Computes descriptive statistics for numeric columns, similar to pandas.DataFrame.describe().
Schema:
| Field | Type | Required | Default | Description |
|---|---|---|---|---|
from | AssetRef | Yes | -- | Source asset. |
columns | List[Column] | No | all numeric | Columns to describe. |
statistics | List[string] | No | all | Statistics to compute: count, mean, stddev, min, max, 25%, 50%, 75%. |
The output has one row per statistic, one column per input column, plus a summary column naming the statistic.

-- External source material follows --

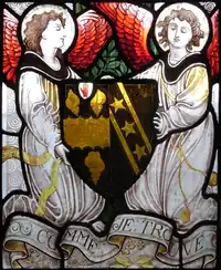 Arms of Rev. Sir Frederic Shelley, 8th Baronet (1809–1869): Sable, a fesse engrailed between three whelk shells or with inescutcheon of the Red Hand of Ulster, impaling the arms of his wife Charlotte Martha Hippisley (1812–1893): Sable, three mullets pierced in bend between two bendlets or, with on a scroll below motto of Shelley: Comme je trouve ("As I find"). Detail from memorial stained glass window in north wall of north aisle of Shobrooke Church, Devon

Example -- describe salary and age columns:
transformation:
- name: stats
describe:
from: employees
columns: [salary, age]
Example -- compute specific statistics:
transformation:
- name: keyStats
describe:
from: measurements
statistics: [count, mean, min, max]
Tip:
describeis useful for exploratory data analysis and data profiling within a pipeline.
Crosstab (8.44)
New in v3.0.
Computes a frequency cross-tabulation (contingency table) of two columns. The output has col1 values as rows, col2 distinct values as columns, and counts as values.
Schema:
| Field | Type | Required | Description |
|---|---|---|---|
from | AssetRef | Yes | Source asset. |
col1 | Column | Yes | Row dimension column. |
col2 | Column | Yes | Column dimension column. |
Example -- cross-tabulate department by status:
transformation:
- name: deptStatusMatrix
crosstab:
from: employees
col1: department
col2: status
Given employees with departments (Engineering, Sales) and statuses (active, inactive), this produces:
| department | active | inactive |
|---|---|---|
| Engineering | 25 | 3 |
| Sales | 18 | 5 |
Tip: Crosstab is a specialized form of pivot optimized for frequency counting. Use
pivotwith explicit aggregations for more complex cross-tabulation needs.